The Real Mission: Trusting the Data
As I built the Research Module for AutoApply, I realized I had a massive architectural challenge. AutoApply was generating incredible, zero-PII data about the hiring market—tracking ghosting rates, deceptive job titles, and ATS behavior.
But for this data to be academically publishable and scientifically valid, the core AutoApply software had to remain completely isolated and untouched. If the source code could be easily tampered with, the resulting dataset couldn't be trusted. I needed a completely separate, highly secure environment to reliably ingest, hold, and process this research data.
I didn't just need a server. I needed an enterprise-grade data vault.
The Inspiration: Building a Bare-Metal Cluster
While figuring out how to build this, I discovered Pi Kubernetes Cluster by Ricardo Sanchez. I read the entire site top-to-bottom. It introduced me to the world of bare-metal clusters, Infrastructure as Code (IaC), secure networking, and enterprise-grade deployments.
Inspired by this, I decided to architect the AutoApply PiServer not as a single machine, but as a distributed micro-cluster built to professional and academic standards.
The Cluster Architecture
The PiServer is designed as a multi-node system, separating concerns to maximize security, reliability, and performance:
- Node 1 (The Shield): This Raspberry Pi handles all security. It acts as the gateway managing what data comes in and out of the server. It verifies the integrity of the incoming data from the AutoApply software. If Node 2 or 3 gets overwhelmed, Node 1 is designed to dynamically assist with their workloads.
- Node 2 (The Vault): This Pi is dedicated entirely to database management. Its sole purpose is to securely store the anonymized hiring market data, ensuring it remains pristine and organized for querying.
- Node 3 (The Brain - In Progress): The planned third node will be the analytics engine. It will continuously run statistical analyses (like Wilson's score intervals, Fisher's exact tests, and Kendall's Tau) on the database and push live, real-time insights directly to this portfolio website.
Why Shell Scripts?
If you look at the PiServer directory in my repository, you'll see the deployment logic is built using shell scripts (.sh).
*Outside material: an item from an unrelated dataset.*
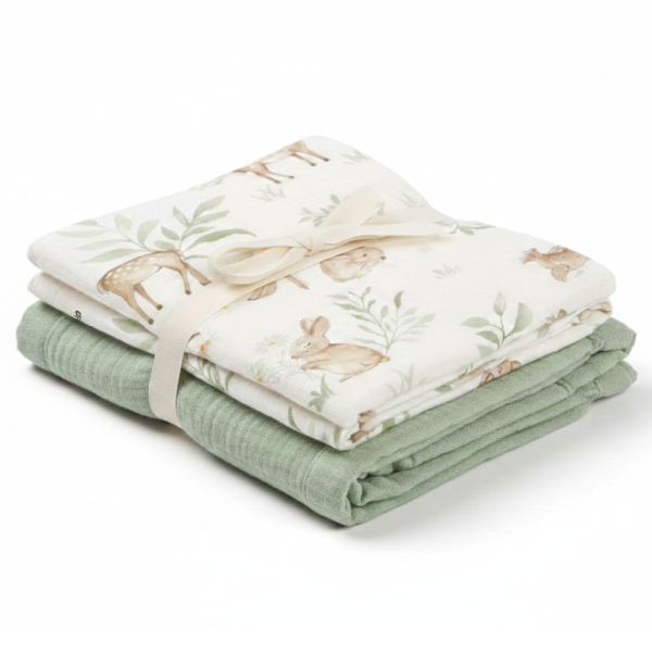 Skład materiałowy: Muślin bawełniany (100% bawełna) – miękki i przyjazny dla skóry dziecka
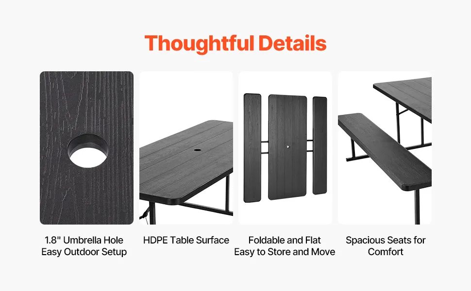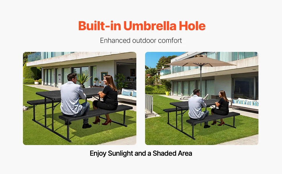 VEVOR Tavolo da Picnic Pieghevole 1795 x 1600 x 755 mm con Panche, Set di Panche da Esterno in Acciaio con Foro per Ombrellone, Grande Tavolo da Pranzo Esterno per Patio, Giardino, Bordo Piscina, Nero

This was a highly intentional choice. Following the best practices of Infrastructure as Code I learned from the picluster guide, I wanted the server environment to be fully centralized, portable, and reproducible. Instead of manually configuring each Pi, these scripts act as the automation layer. I can wipe a node, run the script, and have the security protocols, database schemas, and networking rules perfectly rebuilt in minutes.
By separating the AutoApply client from the PiServer data cluster, I created a pipeline where the data collection is secure, the storage is reliable, and the future statistical analysis is built on a foundation of absolute data integrity.